The Futhark program resulting from a straightforward port looks as follows:
let main(a: u16): u32 =
let b = 0x10001u32
let u = 0i32
let v = 1i32 in
let (_,_,u,_) = loop ((a,b,u,v)) while a > 0u16 do
let q = b / u32.u16(a)
let r = b % u32.u16(a)
let b = u32.u16(a)
let a = u16.u32(r)
let t = v
let v = u - i32.u32 (q) * v
let u = t in
(a,b,u,v)
in u32.i32(if u < 0 then u + 0x10001 else u)
Note the heavy use of type conversion and type suffixes for constants.

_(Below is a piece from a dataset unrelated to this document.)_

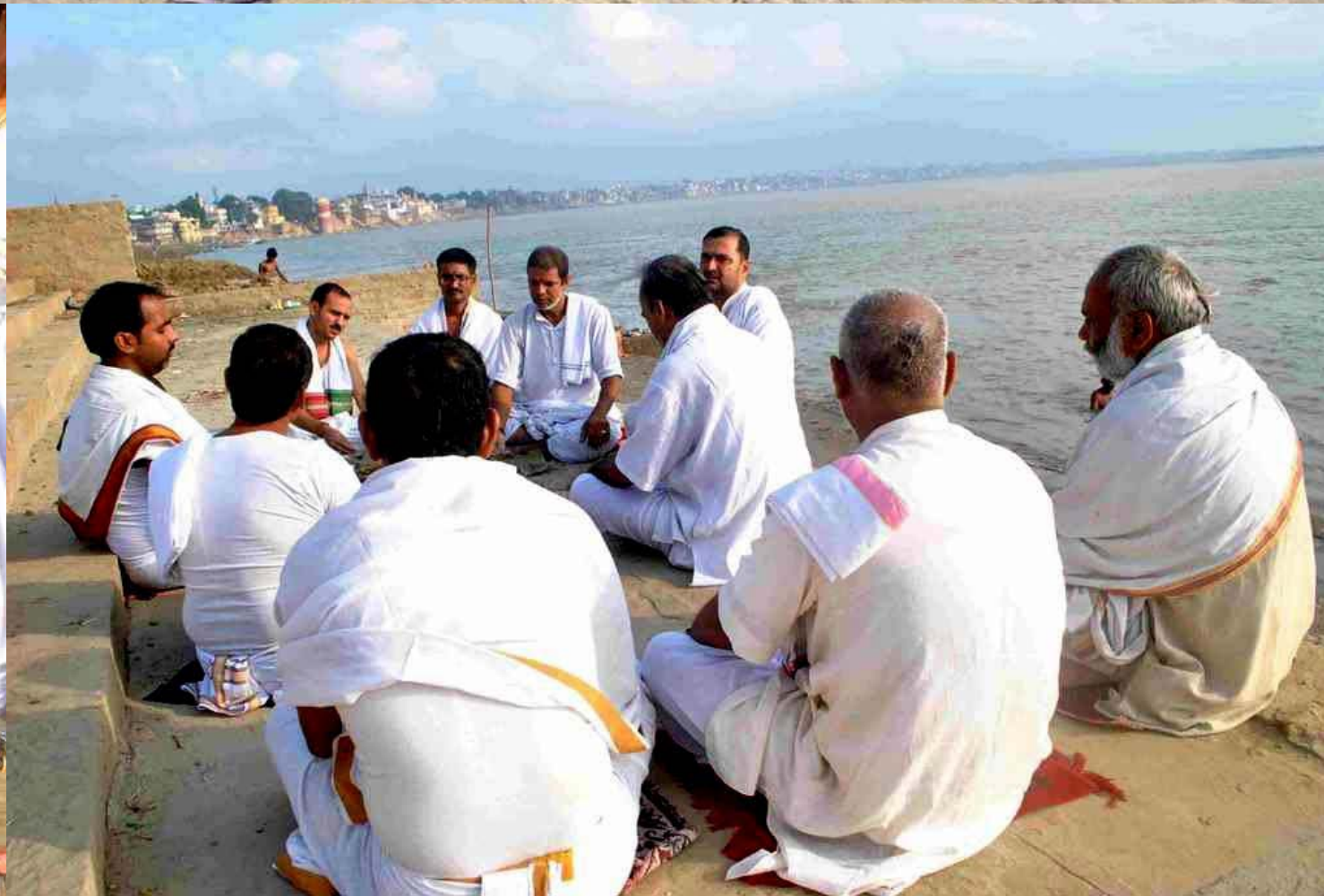
The yagya begins with pujas and offerings of fruit and flowers which are then dropped into the river (lower left). Then the yagya fire is lit and the offerings of sesame seeds and ghee are made into the flames.

This is necessary due to Futhark’s lack of implicit conversions. Note
also the conspicuous way in which the do
-loop is written - the
result of a loop iteration consists of variables whose names are
identical to those of the merge parameters.
This program can still be massaged to make it more idiomatic Futhark -
for example, the variable t
only serves to store the old value of
v
that is otherwise clobbered. This can be written more elegantly
by simply inlining the expressions in the result part of the loop
body.
10.5. Arrays¶
Dynamically sized multidimensional arrays are somewhat awkward in C, and are often simulated via single-dimensional arrays with explicitly calculated indices:
a[i * M + j] = foo;
This indicates a two-dimensional array a
whose inner dimension
is of size M
. We can usually look at where a
is allocated to
figure out what the size of the outer dimension must be:
a = malloc(N * M * sizeof(int));
We see clearly that a
is a two-dimensional integer array of size
N
times M
- or of type [N][M]i32
in Futhark. Thus, the update
expression above would be translated as:
let a[i,j] = foo in
...
C programs usually first allocate an array, then enter a loop to
provide its initial values. This is not possible in Futhark -
consider whether you can write it as a replicate
, an iota
, or
a map
. In the worst case, use replicate
to obtain an array of
the desired size, then use a do
-loop with in-place updates to
initialise it (but note that this will run stricly sequentially).